*** Source material ***

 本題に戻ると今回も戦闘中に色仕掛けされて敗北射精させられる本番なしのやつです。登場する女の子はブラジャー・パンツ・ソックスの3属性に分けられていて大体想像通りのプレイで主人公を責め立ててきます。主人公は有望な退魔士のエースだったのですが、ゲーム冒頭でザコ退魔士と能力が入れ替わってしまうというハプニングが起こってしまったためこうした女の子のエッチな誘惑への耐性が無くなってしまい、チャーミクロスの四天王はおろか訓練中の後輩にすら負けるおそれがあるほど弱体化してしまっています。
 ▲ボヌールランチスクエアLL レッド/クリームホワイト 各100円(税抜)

***
*** Source material ***

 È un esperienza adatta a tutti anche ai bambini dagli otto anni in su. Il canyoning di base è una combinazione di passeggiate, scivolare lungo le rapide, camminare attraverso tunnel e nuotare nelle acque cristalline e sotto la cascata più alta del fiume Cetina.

***
*** Source material ***

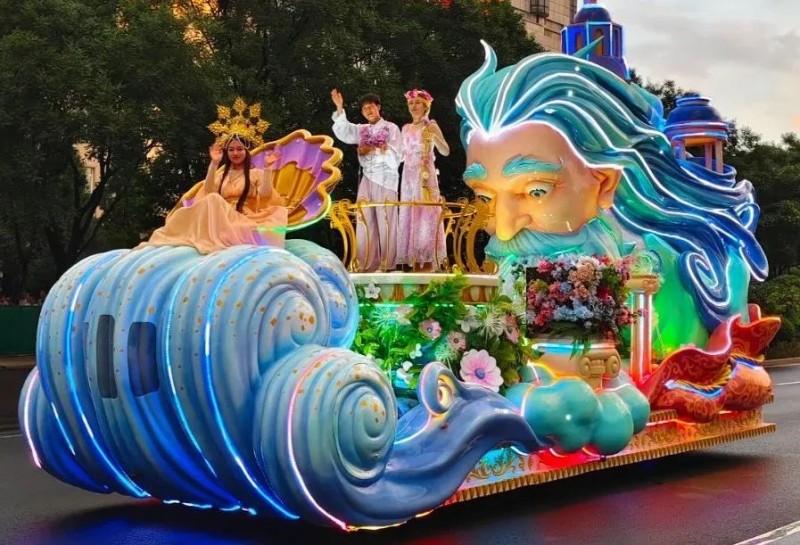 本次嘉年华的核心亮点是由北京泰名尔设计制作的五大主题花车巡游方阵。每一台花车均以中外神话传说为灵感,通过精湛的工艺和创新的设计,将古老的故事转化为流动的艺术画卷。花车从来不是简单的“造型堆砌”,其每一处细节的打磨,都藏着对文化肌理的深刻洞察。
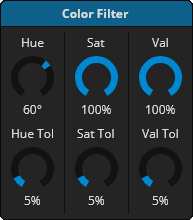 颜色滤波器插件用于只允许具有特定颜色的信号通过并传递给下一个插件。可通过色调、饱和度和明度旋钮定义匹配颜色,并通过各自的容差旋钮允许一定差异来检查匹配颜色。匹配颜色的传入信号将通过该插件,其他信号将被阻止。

***

Pictures excluded, give again exactly and only the lines of the material above from the line with "本次嘉年华的核心亮点是由北京" through the line with "颜色滤波器插件用于只允许具有".

 本次嘉年华的核心亮点是由北京泰名尔设计制作的五大主题花车巡游方阵。每一台花车均以中外神话传说为灵感,通过精湛的工艺和创新的设计,将古老的故事转化为流动的艺术画卷。花车从来不是简单的“造型堆砌”,其每一处细节的打磨,都藏着对文化肌理的深刻洞察。
 颜色滤波器插件用于只允许具有特定颜色的信号通过并传递给下一个插件。可通过色调、饱和度和明度旋钮定义匹配颜色,并通过各自的容差旋钮允许一定差异来检查匹配颜色。匹配颜色的传入信号将通过该插件,其他信号将被阻止。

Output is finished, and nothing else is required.